> EXERCISE GOAL
Print the lines below from the line with "After also running" to the line with "Athina au palais" exactly, keeping both ends, and print no pictures.

> DATA RECORDS

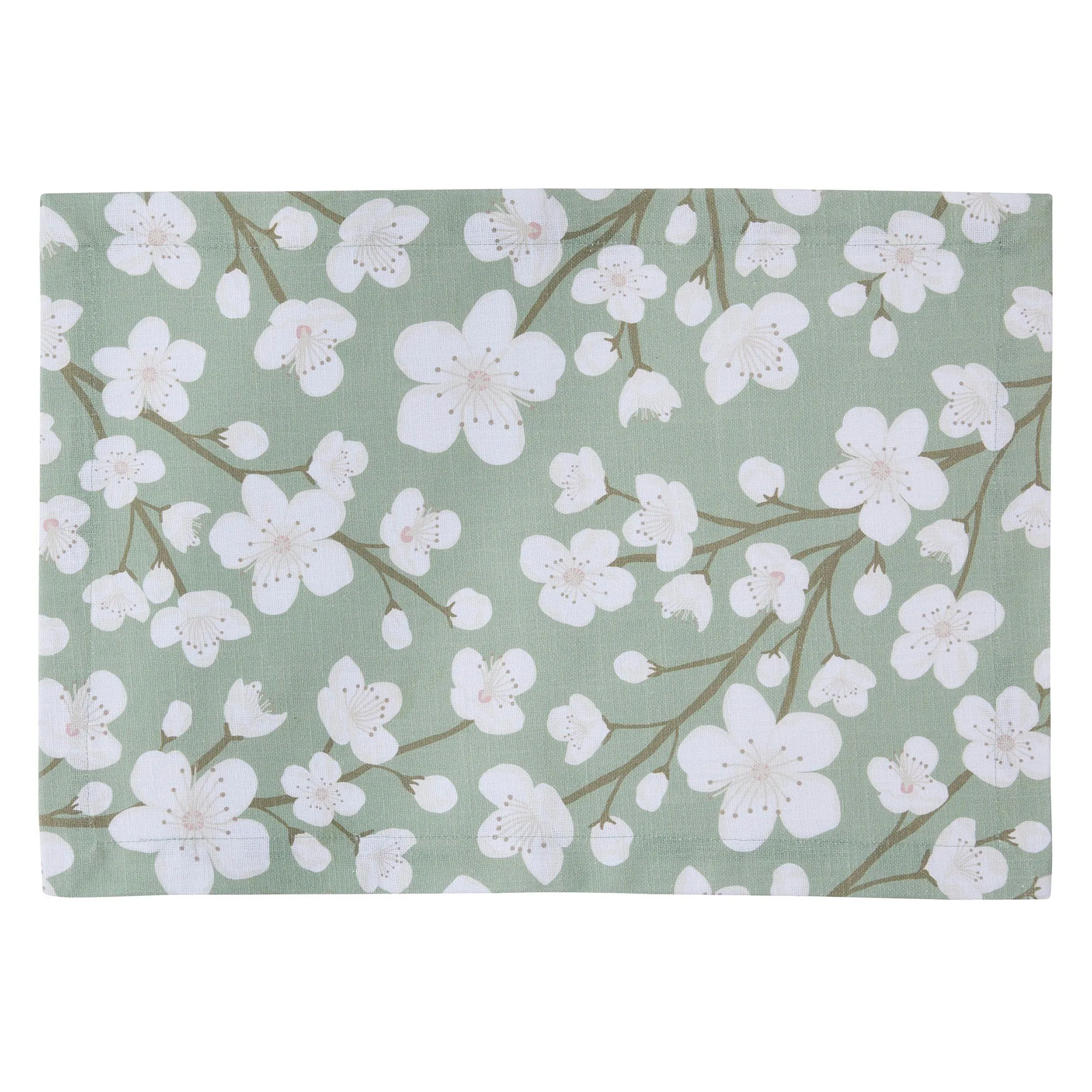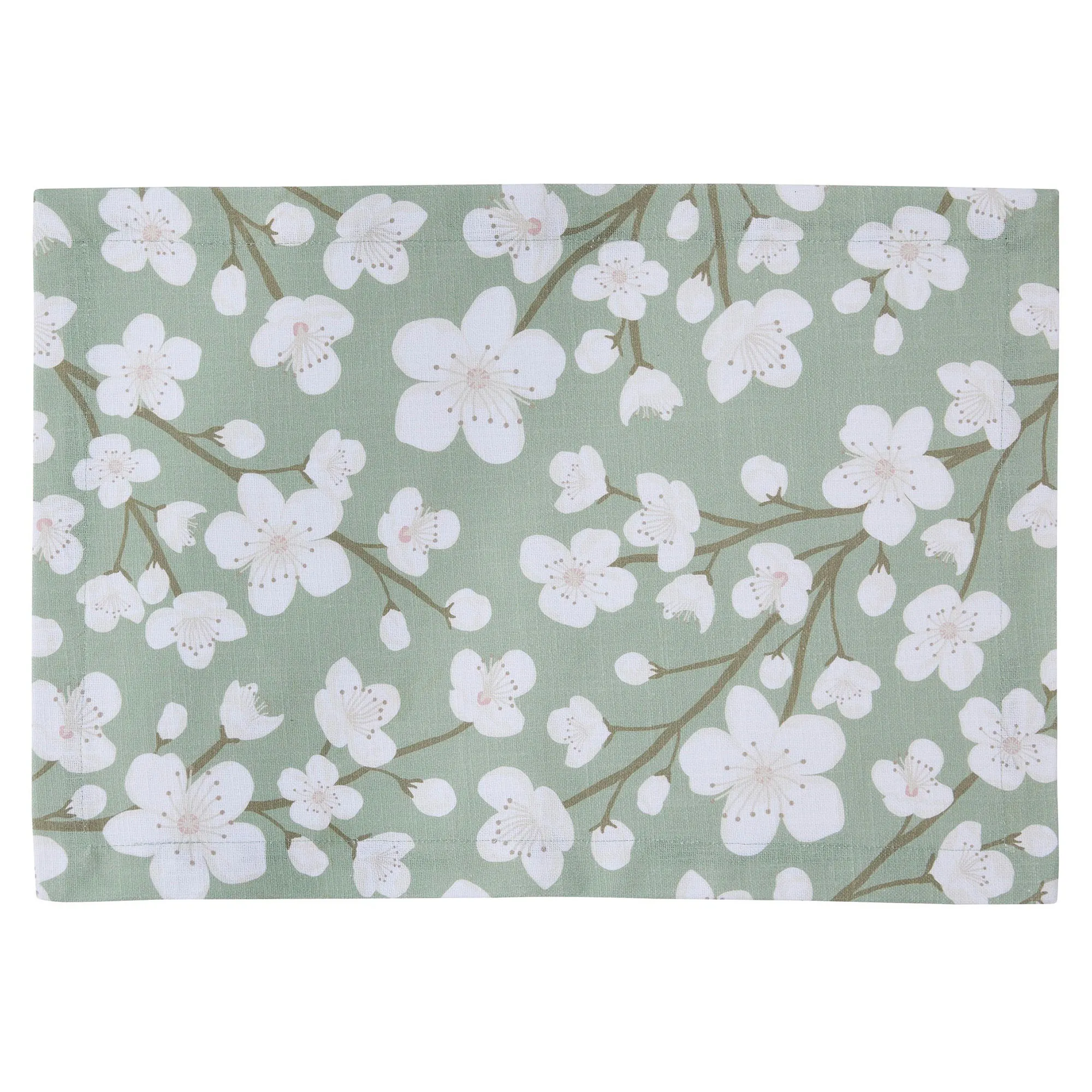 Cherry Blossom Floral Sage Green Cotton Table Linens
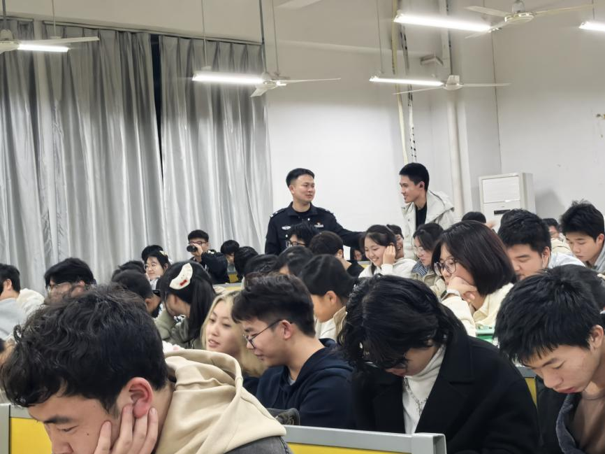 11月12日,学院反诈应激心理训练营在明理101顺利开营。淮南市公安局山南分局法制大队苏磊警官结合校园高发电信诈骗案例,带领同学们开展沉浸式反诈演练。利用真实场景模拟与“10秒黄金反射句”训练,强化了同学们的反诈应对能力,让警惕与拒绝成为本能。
--
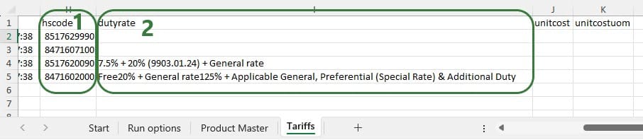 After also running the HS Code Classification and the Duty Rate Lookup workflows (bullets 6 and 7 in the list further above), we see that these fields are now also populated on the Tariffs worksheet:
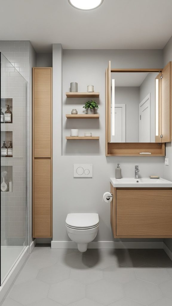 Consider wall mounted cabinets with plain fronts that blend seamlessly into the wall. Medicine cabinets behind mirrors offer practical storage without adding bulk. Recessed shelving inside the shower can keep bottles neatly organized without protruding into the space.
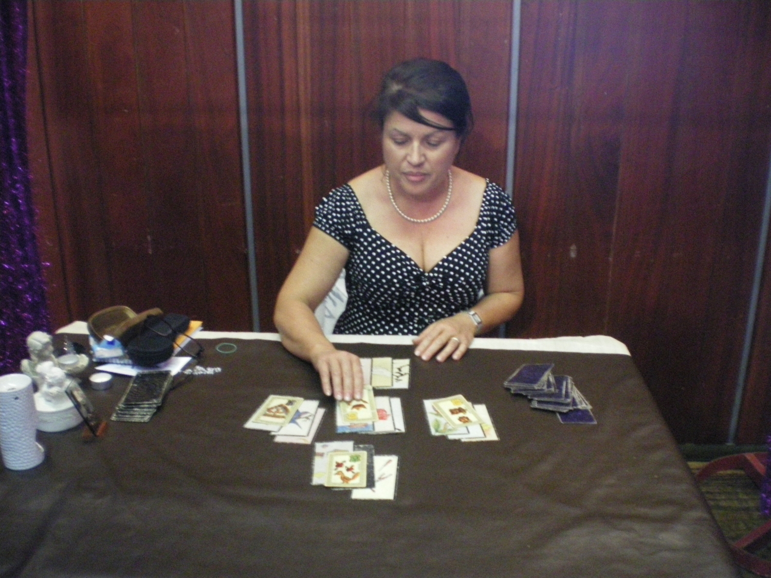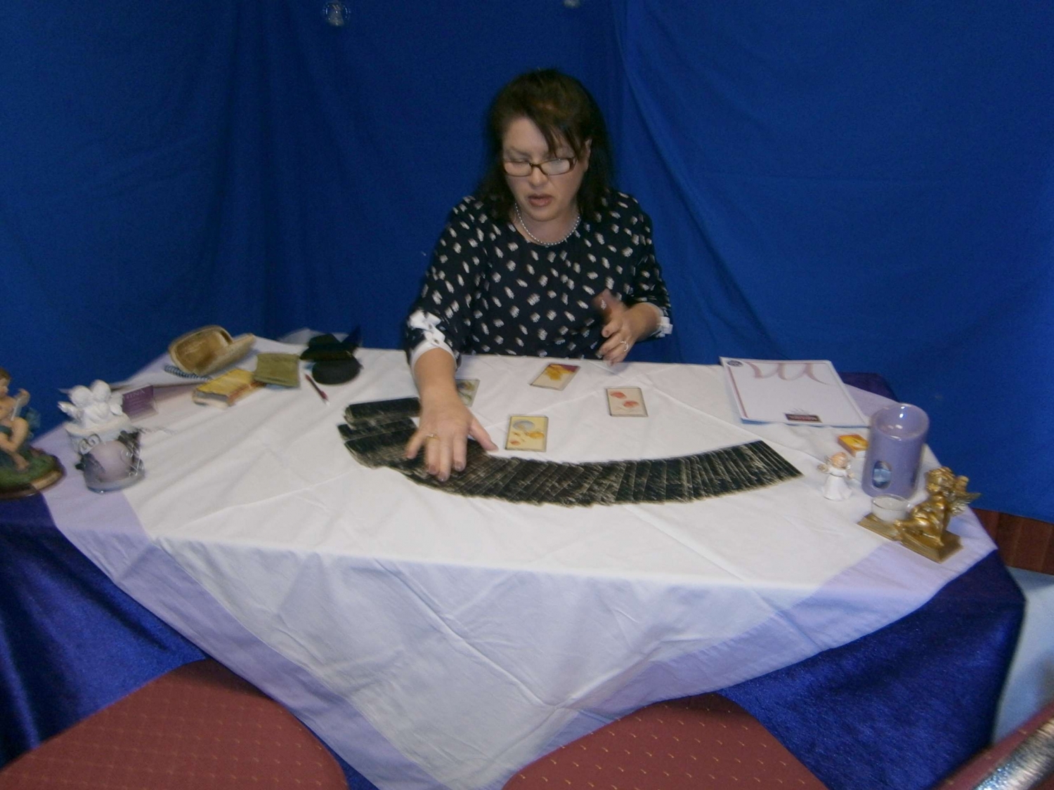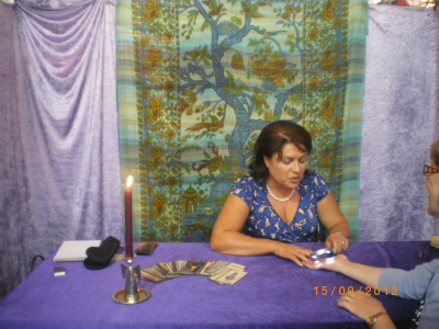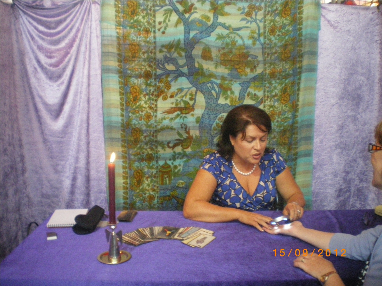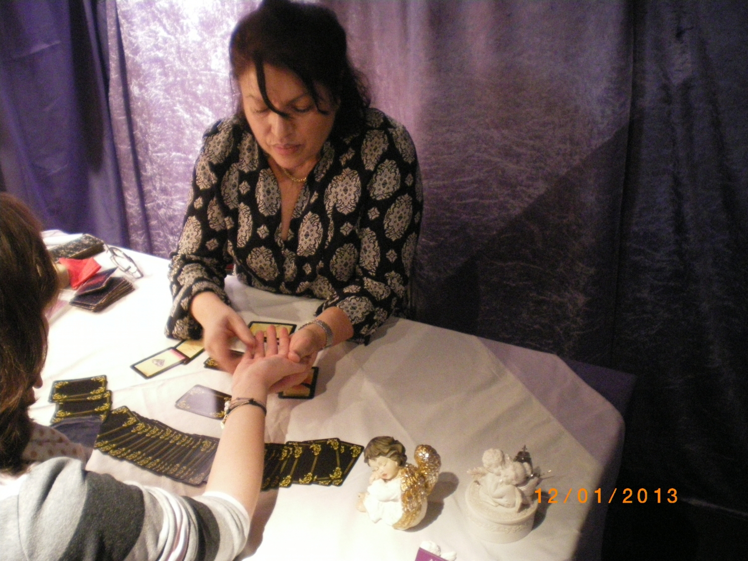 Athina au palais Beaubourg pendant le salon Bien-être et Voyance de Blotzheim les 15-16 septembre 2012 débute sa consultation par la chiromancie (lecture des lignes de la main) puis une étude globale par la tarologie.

> RESPONSE TO THIS TASK
 After also running the HS Code Classification and the Duty Rate Lookup workflows (bullets 6 and 7 in the list further above), we see that these fields are now also populated on the Tariffs worksheet:
 Consider wall mounted cabinets with plain fronts that blend seamlessly into the wall. Medicine cabinets behind mirrors offer practical storage without adding bulk. Recessed shelving inside the shower can keep bottles neatly organized without protruding into the space.
 Athina au palais Beaubourg pendant le salon Bien-être et Voyance de Blotzheim les 15-16 septembre 2012 débute sa consultation par la chiromancie (lecture des lignes de la main) puis une étude globale par la tarologie.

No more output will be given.